I am not keen to start physically moving drives around, neither the current array member nor the functioning hot spare - I'd prefer not to interrupt anything.
I'd also prefer to not bring the array down, restart he server etc. The system is designed to transparently recover without this, I want to learn how. The data is backed up so I have free reign.
Linux Kernel: 3.10.0-1160
ZFS Version: 5
Update:
Output from replace
function:
[root@localhost ~]# zpool replace <name> 4896358983234274072 ata-WDC_WD10EFRX-68PJCN0_WD-<serial>
cannot replace 4896358983234274072 with ata-WDC_WD10EFRX-68PJCN0_WD-<serial>: already in replacing/spare config; wait for completion or use 'zpool detach'
Output from detach
function:
[root@localhost ~]# zpool detach <name> 4896358983234274072
cannot detach 4896358983234274072: only applicable to mirror and replacing vdevs
ZFS version:
[root@localhost ~]# zfs upgrade
This system is currently running ZFS filesystem version 5.

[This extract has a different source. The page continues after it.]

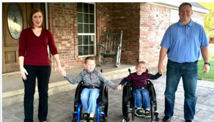
The Cops and their two sons.

"Fixer Upper" fans pay off mortgage for local couple with disabled sons

All filesystems are formatted with the current version.
[root@localhost ~]# modinfo zfs | grep version
version: 0.8.2-1
rhelversion: 7.9
srcversion: 29C160FF878154256C93164
vermagic: 3.10.0-1160.49.1.el7.x86_64 SMP mod_unload modversions
zpool status:
[root@localhost ~]# zpool status <name>
pool: <name>
state: DEGRADED
status: One or more devices could not be used because the label is missing or
invalid. Sufficient replicas exist for the pool to continue
functioning in a degraded state.
action: Replace the device using 'zpool replace'.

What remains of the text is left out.